Collected material START

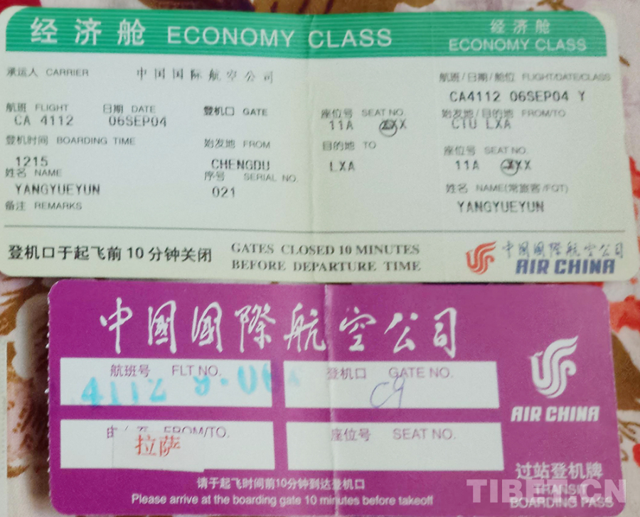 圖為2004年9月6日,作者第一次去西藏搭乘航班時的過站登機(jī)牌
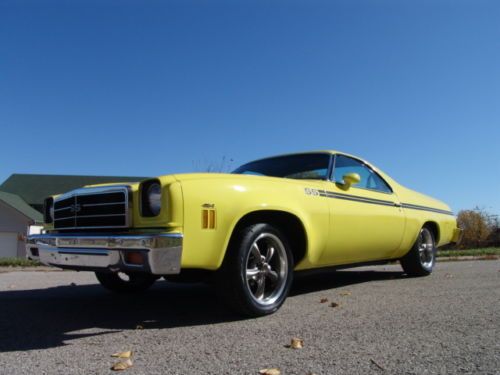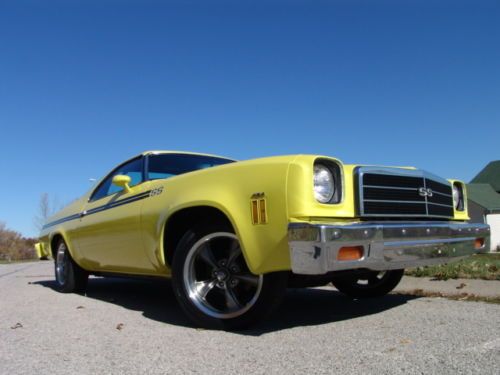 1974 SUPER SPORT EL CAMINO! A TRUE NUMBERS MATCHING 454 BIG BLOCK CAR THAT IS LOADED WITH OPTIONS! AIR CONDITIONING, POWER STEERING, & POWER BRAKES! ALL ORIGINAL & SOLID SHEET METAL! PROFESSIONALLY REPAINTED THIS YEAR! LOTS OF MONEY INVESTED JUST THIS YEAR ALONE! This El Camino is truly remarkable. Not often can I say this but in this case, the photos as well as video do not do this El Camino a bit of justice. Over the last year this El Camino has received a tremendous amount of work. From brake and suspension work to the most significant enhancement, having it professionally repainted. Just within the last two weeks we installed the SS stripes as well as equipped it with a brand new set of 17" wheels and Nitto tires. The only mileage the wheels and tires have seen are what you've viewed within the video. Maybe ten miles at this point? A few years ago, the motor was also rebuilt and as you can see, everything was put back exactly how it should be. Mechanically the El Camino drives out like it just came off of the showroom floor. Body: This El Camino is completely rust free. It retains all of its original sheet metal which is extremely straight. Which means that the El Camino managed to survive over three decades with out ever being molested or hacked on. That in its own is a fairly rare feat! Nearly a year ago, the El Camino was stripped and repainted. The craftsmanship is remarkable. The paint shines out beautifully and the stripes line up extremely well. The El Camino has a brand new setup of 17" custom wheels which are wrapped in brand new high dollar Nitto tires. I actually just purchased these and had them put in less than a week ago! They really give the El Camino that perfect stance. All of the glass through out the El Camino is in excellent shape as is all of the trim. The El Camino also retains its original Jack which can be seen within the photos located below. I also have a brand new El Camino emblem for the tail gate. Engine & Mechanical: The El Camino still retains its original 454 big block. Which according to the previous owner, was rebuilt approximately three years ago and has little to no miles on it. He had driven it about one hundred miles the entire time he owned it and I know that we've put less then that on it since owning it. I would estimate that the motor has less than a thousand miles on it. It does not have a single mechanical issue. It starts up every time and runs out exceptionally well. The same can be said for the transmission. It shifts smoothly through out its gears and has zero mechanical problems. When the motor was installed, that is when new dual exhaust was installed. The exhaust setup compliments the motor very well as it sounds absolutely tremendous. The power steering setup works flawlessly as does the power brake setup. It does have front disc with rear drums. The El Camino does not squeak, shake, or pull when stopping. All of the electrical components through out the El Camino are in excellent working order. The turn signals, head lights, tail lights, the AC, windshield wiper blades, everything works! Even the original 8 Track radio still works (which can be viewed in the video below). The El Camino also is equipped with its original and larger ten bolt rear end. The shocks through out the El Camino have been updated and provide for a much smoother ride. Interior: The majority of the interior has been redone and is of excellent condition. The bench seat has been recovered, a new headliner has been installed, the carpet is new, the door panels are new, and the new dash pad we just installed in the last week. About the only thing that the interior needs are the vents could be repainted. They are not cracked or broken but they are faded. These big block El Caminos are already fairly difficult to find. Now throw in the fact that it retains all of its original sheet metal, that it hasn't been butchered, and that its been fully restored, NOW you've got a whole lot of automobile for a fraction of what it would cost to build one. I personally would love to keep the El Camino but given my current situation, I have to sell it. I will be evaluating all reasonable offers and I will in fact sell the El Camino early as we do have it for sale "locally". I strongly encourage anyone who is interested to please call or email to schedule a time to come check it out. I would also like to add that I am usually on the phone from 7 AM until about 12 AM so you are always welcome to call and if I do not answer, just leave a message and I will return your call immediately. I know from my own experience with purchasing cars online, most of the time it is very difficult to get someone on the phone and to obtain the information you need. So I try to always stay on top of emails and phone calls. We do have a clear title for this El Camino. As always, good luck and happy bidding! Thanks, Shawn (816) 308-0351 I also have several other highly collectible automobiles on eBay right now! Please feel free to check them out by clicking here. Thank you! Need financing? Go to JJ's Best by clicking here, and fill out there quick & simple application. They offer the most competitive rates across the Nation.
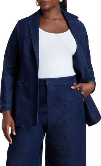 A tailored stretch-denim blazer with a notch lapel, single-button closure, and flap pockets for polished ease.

Collected material END

- _Problem statement_: Word for word, output the whole listing, but not its pictures.

- _Expected output_:
 圖為2004年9月6日,作者第一次去西藏搭乘航班時的過站登機(jī)牌
 1974 SUPER SPORT EL CAMINO! A TRUE NUMBERS MATCHING 454 BIG BLOCK CAR THAT IS LOADED WITH OPTIONS! AIR CONDITIONING, POWER STEERING, & POWER BRAKES! ALL ORIGINAL & SOLID SHEET METAL! PROFESSIONALLY REPAINTED THIS YEAR! LOTS OF MONEY INVESTED JUST THIS YEAR ALONE! This El Camino is truly remarkable. Not often can I say this but in this case, the photos as well as video do not do this El Camino a bit of justice. Over the last year this El Camino has received a tremendous amount of work. From brake and suspension work to the most significant enhancement, having it professionally repainted. Just within the last two weeks we installed the SS stripes as well as equipped it with a brand new set of 17" wheels and Nitto tires. The only mileage the wheels and tires have seen are what you've viewed within the video. Maybe ten miles at this point? A few years ago, the motor was also rebuilt and as you can see, everything was put back exactly how it should be. Mechanically the El Camino drives out like it just came off of the showroom floor. Body: This El Camino is completely rust free. It retains all of its original sheet metal which is extremely straight. Which means that the El Camino managed to survive over three decades with out ever being molested or hacked on. That in its own is a fairly rare feat! Nearly a year ago, the El Camino was stripped and repainted. The craftsmanship is remarkable. The paint shines out beautifully and the stripes line up extremely well. The El Camino has a brand new setup of 17" custom wheels which are wrapped in brand new high dollar Nitto tires. I actually just purchased these and had them put in less than a week ago! They really give the El Camino that perfect stance. All of the glass through out the El Camino is in excellent shape as is all of the trim. The El Camino also retains its original Jack which can be seen within the photos located below. I also have a brand new El Camino emblem for the tail gate. Engine & Mechanical: The El Camino still retains its original 454 big block. Which according to the previous owner, was rebuilt approximately three years ago and has little to no miles on it. He had driven it about one hundred miles the entire time he owned it and I know that we've put less then that on it since owning it. I would estimate that the motor has less than a thousand miles on it. It does not have a single mechanical issue. It starts up every time and runs out exceptionally well. The same can be said for the transmission. It shifts smoothly through out its gears and has zero mechanical problems. When the motor was installed, that is when new dual exhaust was installed. The exhaust setup compliments the motor very well as it sounds absolutely tremendous. The power steering setup works flawlessly as does the power brake setup. It does have front disc with rear drums. The El Camino does not squeak, shake, or pull when stopping. All of the electrical components through out the El Camino are in excellent working order. The turn signals, head lights, tail lights, the AC, windshield wiper blades, everything works! Even the original 8 Track radio still works (which can be viewed in the video below). The El Camino also is equipped with its original and larger ten bolt rear end. The shocks through out the El Camino have been updated and provide for a much smoother ride. Interior: The majority of the interior has been redone and is of excellent condition. The bench seat has been recovered, a new headliner has been installed, the carpet is new, the door panels are new, and the new dash pad we just installed in the last week. About the only thing that the interior needs are the vents could be repainted. They are not cracked or broken but they are faded. These big block El Caminos are already fairly difficult to find. Now throw in the fact that it retains all of its original sheet metal, that it hasn't been butchered, and that its been fully restored, NOW you've got a whole lot of automobile for a fraction of what it would cost to build one. I personally would love to keep the El Camino but given my current situation, I have to sell it. I will be evaluating all reasonable offers and I will in fact sell the El Camino early as we do have it for sale "locally". I strongly encourage anyone who is interested to please call or email to schedule a time to come check it out. I would also like to add that I am usually on the phone from 7 AM until about 12 AM so you are always welcome to call and if I do not answer, just leave a message and I will return your call immediately. I know from my own experience with purchasing cars online, most of the time it is very difficult to get someone on the phone and to obtain the information you need. So I try to always stay on top of emails and phone calls. We do have a clear title for this El Camino. As always, good luck and happy bidding! Thanks, Shawn (816) 308-0351 I also have several other highly collectible automobiles on eBay right now! Please feel free to check them out by clicking here. Thank you! Need financing? Go to JJ's Best by clicking here, and fill out there quick & simple application. They offer the most competitive rates across the Nation.
 A tailored stretch-denim blazer with a notch lapel, single-button closure, and flap pockets for polished ease.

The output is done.